WHAT IS EXPECTED:
Before copying, remove every picture, and then repeat all entries below precisely as written.

━━━━━━━━━━━━━━━━━━━━

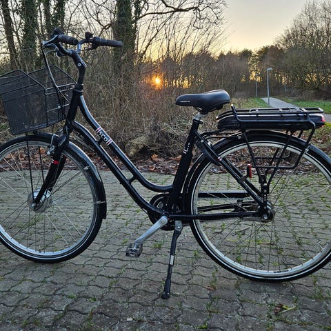 Brugt Max 4 gange - står som ny - lås, lygter, kurv er med (lader medfølger ikke) derfor laver pris
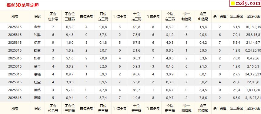25年315期彩宝贝专家福彩3D杀号定码图表
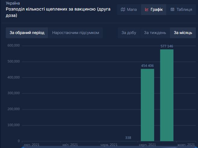 Судя по статистике, по состоянию на 6 октября в Украине второй дозой "Модерны", после которой наблюдались случаи миокардита, привили чуть более одного миллиона человек (примерно 1,1 млн).
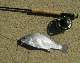 Grant gave us excellent instructions as to where we may find a few fish. At our first stop we wandered out on to the beach and sized up the fishing challenges. It was simple, the breaking surf was huge and the tide was just beginning to drop. Fly fishing the surf is one of the most difficult forms of fly fishing there is. You almost always have a strong wind blowing directly in your face making it difficult to cast. Crashing waves make it even more difficult by not only taxing your ability to physically stand without being swept out to sea, but also play havoc with your fly line. It’s simple, as you strip line down on the beach while retrieving your fly; waves roll up the beach and wash the line away. As you go to make the next cast, it’s hard to shoot the line because it is getting sucked out to sea by waves. Toss in the fact that your line is gritted up with sand and you can hardly get the fly out there!
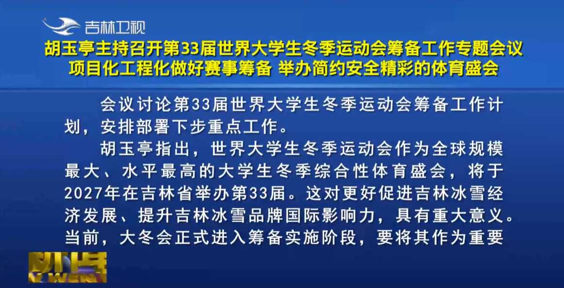 胡玉亭主持召开第33届世界大学生冬季运动会筹备工作专题会议
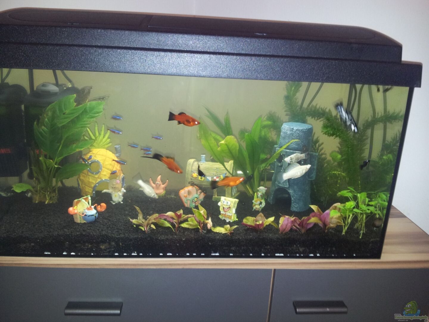 Becken zum Teil (von au?en) `dreckig` (aber bei drei Kindern, deren liebste Beschäftigung es ist, mit der Nase am Beckenglas zu hängen und den Fischen Namen zu geben... :-) )...
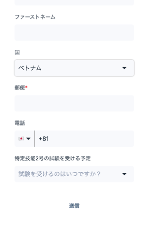 申し込みフォームに移動します。ここでは、以下の情報を入力します。
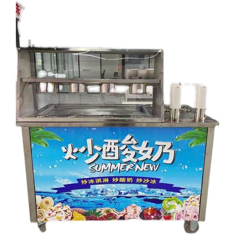 Net red multi-functional fried yogurt fried ice cream roll fried milk fruit machine commercial stall fried ice porridge thick cut yogurt equipment
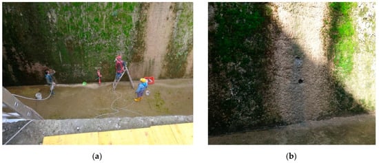 Investigation of the civil engineering works of a dam (a) and the current state of its concrete (b).
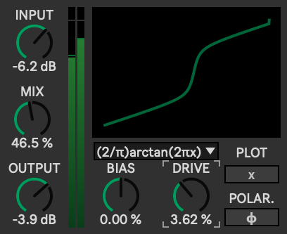 | Description: | B-314 is a clipper :) So this is the device I alluded to upon the releases of _Trans_N (Omega-N Neve console clone) and Cambridge Bloatationizer (Oxford Inflator clone). This can do both of those easily, and a lot more. It is perhaps most similar to FreeClip, or perhaps Ableton's Saturator. It does what it says on the tin, and I intend this to be a useful distortion utility, but also a learning tool. There are no misleading claims about the magical algorithms used inside... this is straight forward stuff, and my aim here is to make it easy to understand and visualize. A waveshaper, in essence, is a function that maps an input amplitude ( usually between -1.0 and +1.0) to an output amplitude. The visualization plot can be toggled between showing the waveshaper function itself (using the input signal "x") or its affect on a sine wave. Of course, your audio will likely be much more complex than a sinewave, but this is a great starting point to understand what it is doing. The left meter shows the level after the input gain, and the right meter shows the level after the output gain. This way, they can be easily matched, with the output trimmed so that there is no jump in level upon bypassing. The bias is applied after the input gain (even harmonics), and before the "drive" gain, which is your main control of the distortion level. I suggest setting your input gain appropriately first, then tuning your sound (choose algorithm, balance it between drive and mix knobs), then adjusting output gain so that input and output levels are roughly equal. The "phase" parameter flips the polarity of the waveshaper signal, which I found to be particularly useful when emulating different types of crossover distortion: tanh(), medium drive, low mix, and toggle the polarity to see too "modes". To get emulate the "Neve" style console preamp sound, use tanh() at a very low mix (~4%) and higher drive settings. The sin() waveshaper can model the "Oxford Inflator" if the drive is at 1% (unity)... the effect intensity is controlled with the mix knob. |
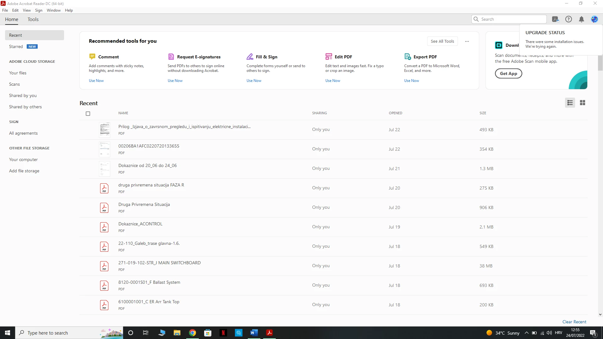 So I have tried to update to pro adobe in order to be able to edit documents. I have been trying for days now and it keep giving me a message with no error code just saying there was installation issue and that they are trying again. like this:

━━━━━━━━━━━━━━━━━━━━

WRITTEN RESPONSE:
 Brugt Max 4 gange - står som ny - lås, lygter, kurv er med (lader medfølger ikke) derfor laver pris
25年315期彩宝贝专家福彩3D杀号定码图表
 Судя по статистике, по состоянию на 6 октября в Украине второй дозой "Модерны", после которой наблюдались случаи миокардита, привили чуть более одного миллиона человек (примерно 1,1 млн).
 Grant gave us excellent instructions as to where we may find a few fish. At our first stop we wandered out on to the beach and sized up the fishing challenges. It was simple, the breaking surf was huge and the tide was just beginning to drop. Fly fishing the surf is one of the most difficult forms of fly fishing there is. You almost always have a strong wind blowing directly in your face making it difficult to cast. Crashing waves make it even more difficult by not only taxing your ability to physically stand without being swept out to sea, but also play havoc with your fly line. It’s simple, as you strip line down on the beach while retrieving your fly; waves roll up the beach and wash the line away. As you go to make the next cast, it’s hard to shoot the line because it is getting sucked out to sea by waves. Toss in the fact that your line is gritted up with sand and you can hardly get the fly out there!
 胡玉亭主持召开第33届世界大学生冬季运动会筹备工作专题会议
 Becken zum Teil (von au?en) `dreckig` (aber bei drei Kindern, deren liebste Beschäftigung es ist, mit der Nase am Beckenglas zu hängen und den Fischen Namen zu geben... :-) )...
 申し込みフォームに移動します。ここでは、以下の情報を入力します。
 Net red multi-functional fried yogurt fried ice cream roll fried milk fruit machine commercial stall fried ice porridge thick cut yogurt equipment
 Investigation of the civil engineering works of a dam (a) and the current state of its concrete (b).
 | Description: | B-314 is a clipper :) So this is the device I alluded to upon the releases of _Trans_N (Omega-N Neve console clone) and Cambridge Bloatationizer (Oxford Inflator clone). This can do both of those easily, and a lot more. It is perhaps most similar to FreeClip, or perhaps Ableton's Saturator. It does what it says on the tin, and I intend this to be a useful distortion utility, but also a learning tool. There are no misleading claims about the magical algorithms used inside... this is straight forward stuff, and my aim here is to make it easy to understand and visualize. A waveshaper, in essence, is a function that maps an input amplitude ( usually between -1.0 and +1.0) to an output amplitude. The visualization plot can be toggled between showing the waveshaper function itself (using the input signal "x") or its affect on a sine wave. Of course, your audio will likely be much more complex than a sinewave, but this is a great starting point to understand what it is doing. The left meter shows the level after the input gain, and the right meter shows the level after the output gain. This way, they can be easily matched, with the output trimmed so that there is no jump in level upon bypassing. The bias is applied after the input gain (even harmonics), and before the "drive" gain, which is your main control of the distortion level. I suggest setting your input gain appropriately first, then tuning your sound (choose algorithm, balance it between drive and mix knobs), then adjusting output gain so that input and output levels are roughly equal. The "phase" parameter flips the polarity of the waveshaper signal, which I found to be particularly useful when emulating different types of crossover distortion: tanh(), medium drive, low mix, and toggle the polarity to see too "modes". To get emulate the "Neve" style console preamp sound, use tanh() at a very low mix (~4%) and higher drive settings. The sin() waveshaper can model the "Oxford Inflator" if the drive is at 1% (unity)... the effect intensity is controlled with the mix knob. |
 So I have tried to update to pro adobe in order to be able to edit documents. I have been trying for days now and it keep giving me a message with no error code just saying there was installation issue and that they are trying again. like this:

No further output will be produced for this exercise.